She closes her first-floor apartment door and locks it.
I am in. Close.
It feels good to climb your stairs, to be your Prince, to take it one step at a time. No roses. No clue what I’m gonna say or do, but this is how you know you love someone, isn’t it?
I am not here because I want to be here. I am here because I have to be here.
And now I am here. Sixth floor. Your floor.
Approximately twelve steps from The Last House on the Left.
Why am I scared to knock? Why do I feel bad being here when I’ve been here, when I’m yours?
I tiptoe. Gently, Joseph. The goalposts move and now I am here as in really here.
Eye to eye with your peephole and why can’t these peepholes be two-way streets?
Who’s to say everyone on the inside is so good? Is he there, Vail? Are you alone?
I can’t see things, but I hear things. Calypso music…
Sex. Not actual sex. It’s your show. I smell something burning and what if there’s a fire and no.
Ding. That’s an overcooked Pillsbury Toaster Strudel—it is cherry—and it feels weird, Vail.

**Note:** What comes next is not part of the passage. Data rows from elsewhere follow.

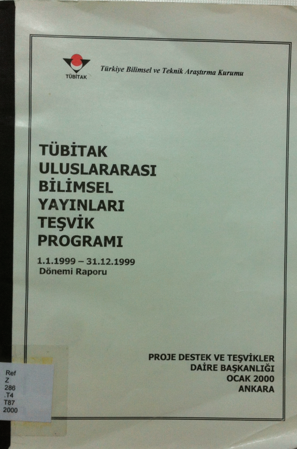TÜBİTAK Uluslararası bilimsel yayınları teşvik programı: 1.1.1999-31.12.1999 dönemi raporu/ Proje Destek ve Teşvikler Daire Başkanlığı.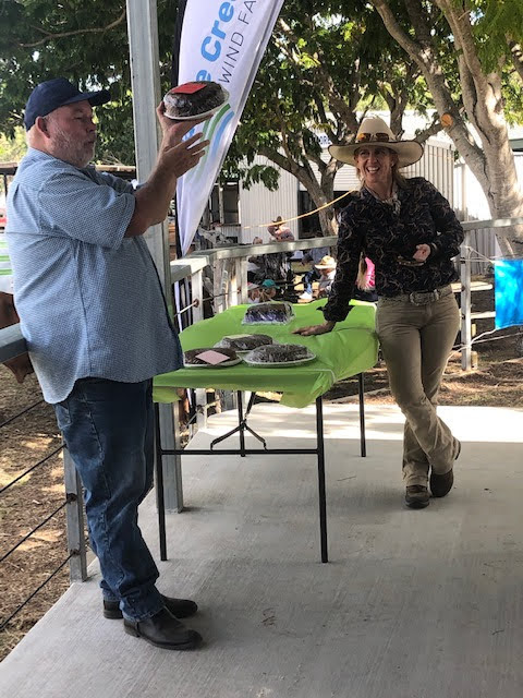 Auctioning off the fruit cakes.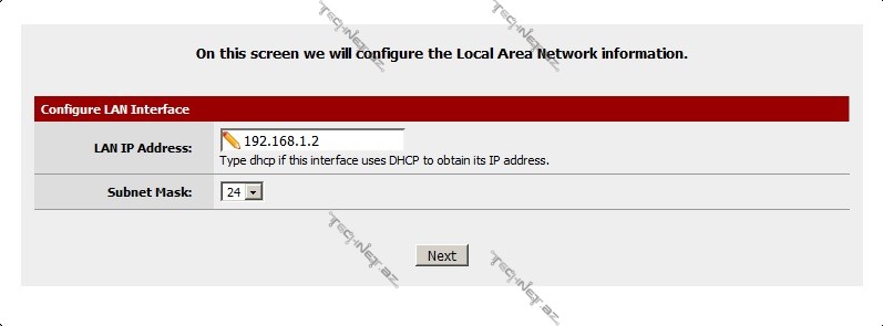 Bu pəncərədə isə daxili şəbəkə kartı ilə əlaqədar konfiqurasiya görünməkdədir. “Next” deyərək davam edirik, çünki “PfSense” qurarkən bu tənzimləməni etmişik.
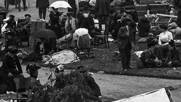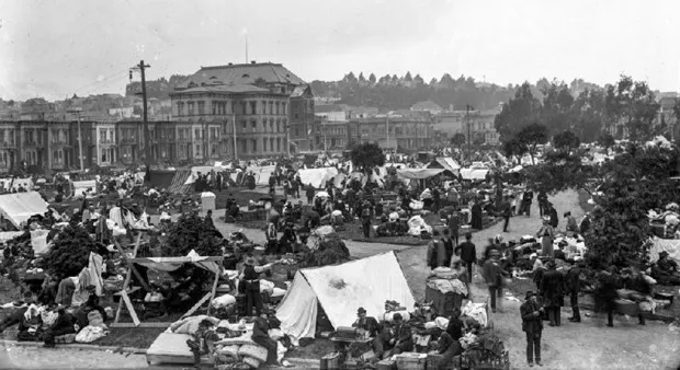 在1906年 旧金山 地震中涌现出的所有可怕场景中——这场地震 造成 大约3000人死亡,225000人受伤——在地震后的4月19日,旧 汉密尔顿广场 的难民营的场景,令伍迪·拉邦提心有余悸。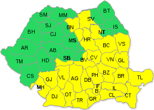 În zonele atenţionate, temporar vântul va avea intensificări cu viteze de 55…65 km/h, iar la munte rafalele vor depăşi 70 km/h.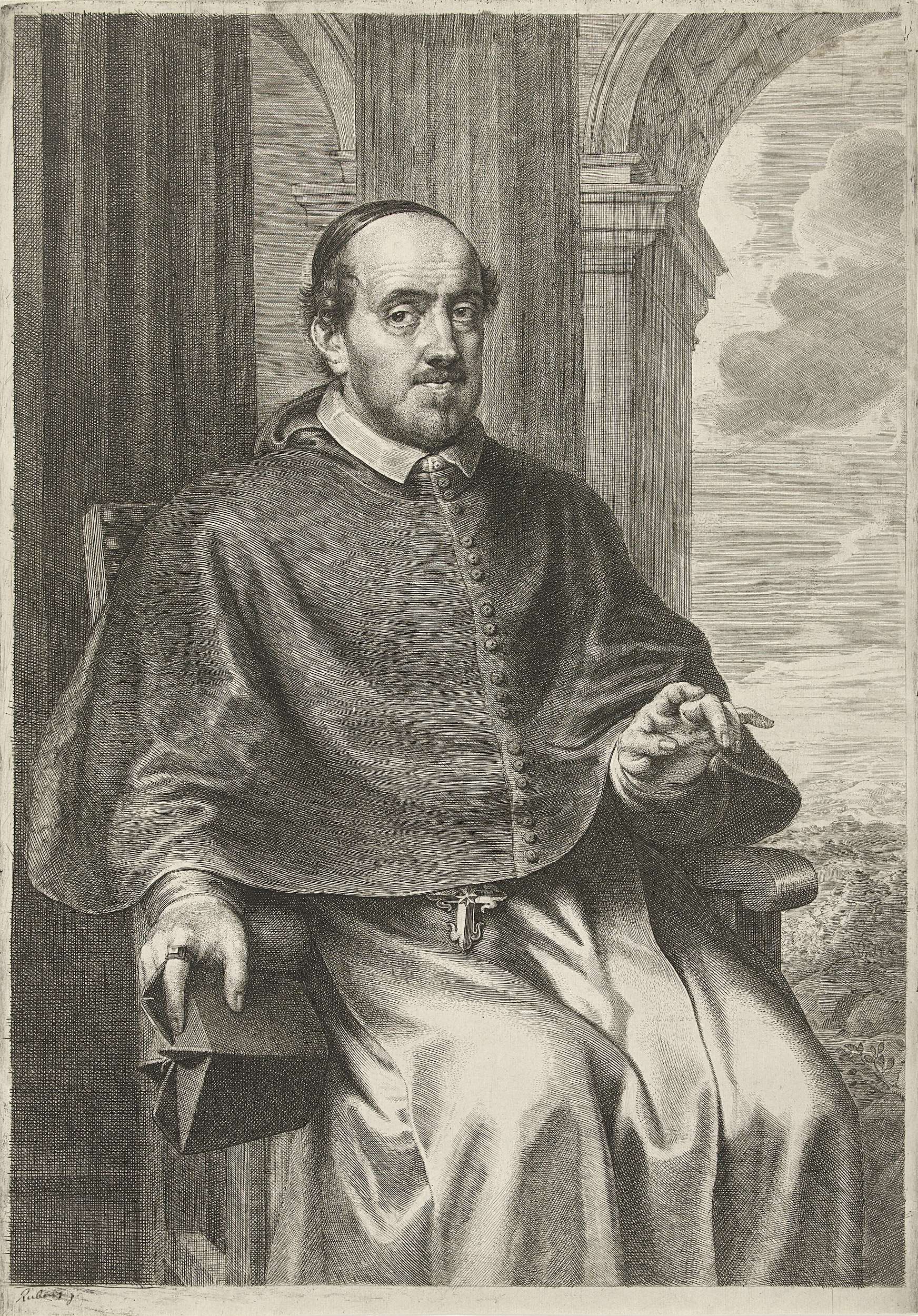 De bisschop van leper, Marius Ambrosius Capello, zittend in een stoel. Kniestuk. Hij houdt in zijn rechterhand een bisschopsmuts vast, zijn hoofd is getooid met een kalot.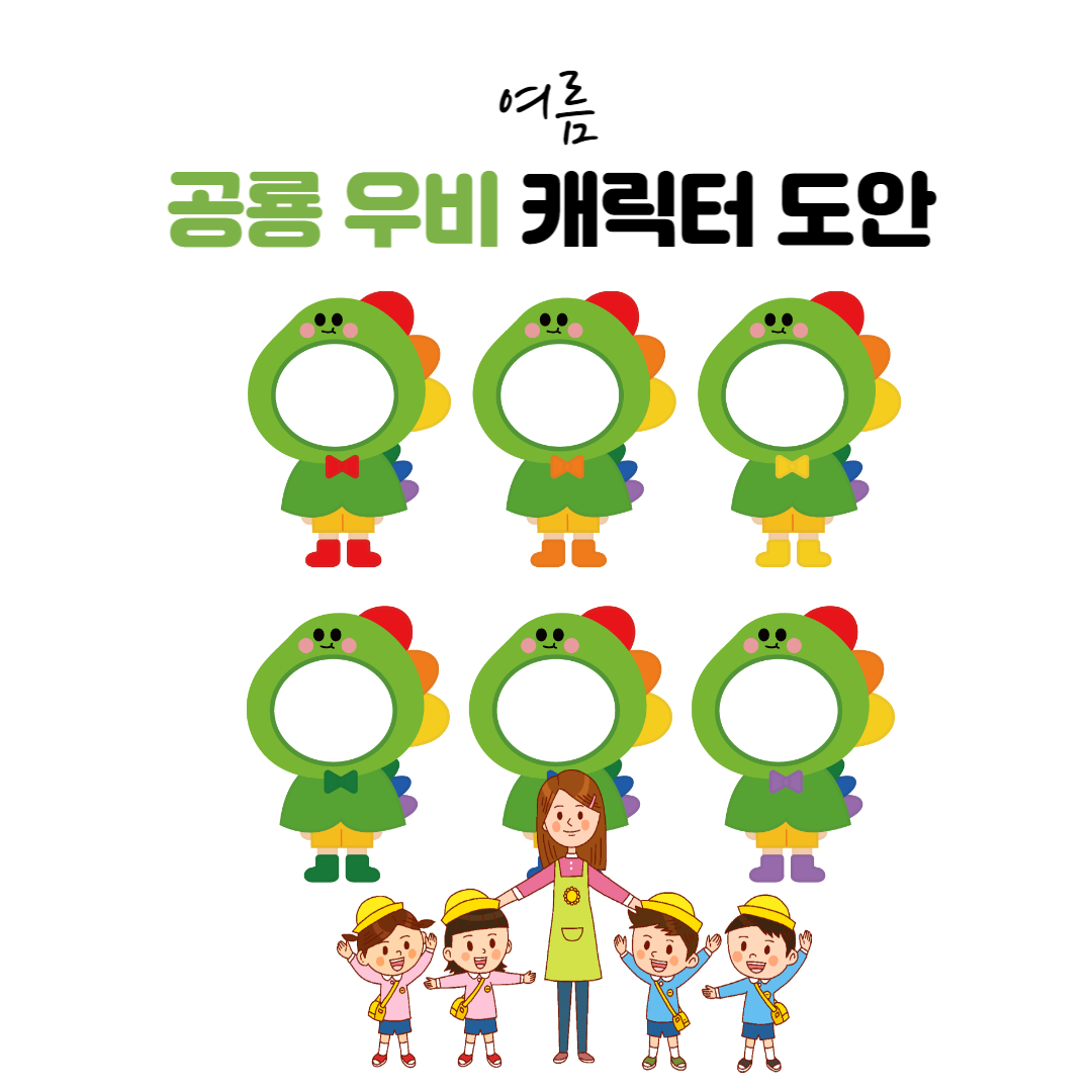 공룡 캐릭터 도안 활용 예시입니다! 아이들의 얼굴을 넣어 꾸며주시면 너무 깜찍하겠죠? 알록달록 모아보니 더욱 귀여운 공룡 친구들이에요~ 아이들의 얼굴을 넣어 예쁘게 활용해주세요!

Knowing what I shouldn’t know. Being where you shouldn’t be and being where you belong are not supposed to be the same thing.
I raise my fist. I should knock. I am allowed to be here. I am dating you.
I can’t knock. I am not your boyfriend. It is before noon on a Saturday.
I will knock. You invited me to your birthday.
I can’t knock. I showed up late. You had already left with the man in the yellow hat.
I have to knock. Big was here, in a way. He had to tell Carrie that he knew she stalked his ex-fucking-wife.
I can’t knock. Carrie was here, in a way. She had to hang her head and cop to stalking his ex-fucking-wife.
While I was in my head, something happened. No more calypso. Silence.
I hold my breath and who designed us fucking humans? Why can’t I choose to stop breathing for a few fucking seconds? Is this trespassing? Is this love? The quiet is that kind of quiet where I question my own memory, the sound of the Bible hitting the floor of the church.
Thunk.
Fuck this shit. This is us. You and me. I bought you a beret and I made you a CD and there are eleven red balloons in the sky, soaring.
You’re my girlfriend, even if you say you’re not my girlfriend.
I have every right to be here, and if you are in there with the man in the yellow hat, then it’s not my fault, not your fault.
It is our fault. We’re allowed to mess up.
I should’ve insisted on taking you to Pastis, and you should’ve told me what kind of cake you wanted from Magnolia.
I raise my fist, and my knuckles are sharp. White. Wait.
What was that sound?
It’s the absence of sound, the feeling that someone on the other side of the door is holding her breath.
Quiet in that intentional way where you hit the Mute button because you feel the mouse in your house even before you spot the little whirling dervish.
Is that what I am? Am I the mouse? Do you smell me out here?
I want to knock. I have to knock. There is no scarier sound than silence—just ask Simon and Garfunkel—and a real man is fearless.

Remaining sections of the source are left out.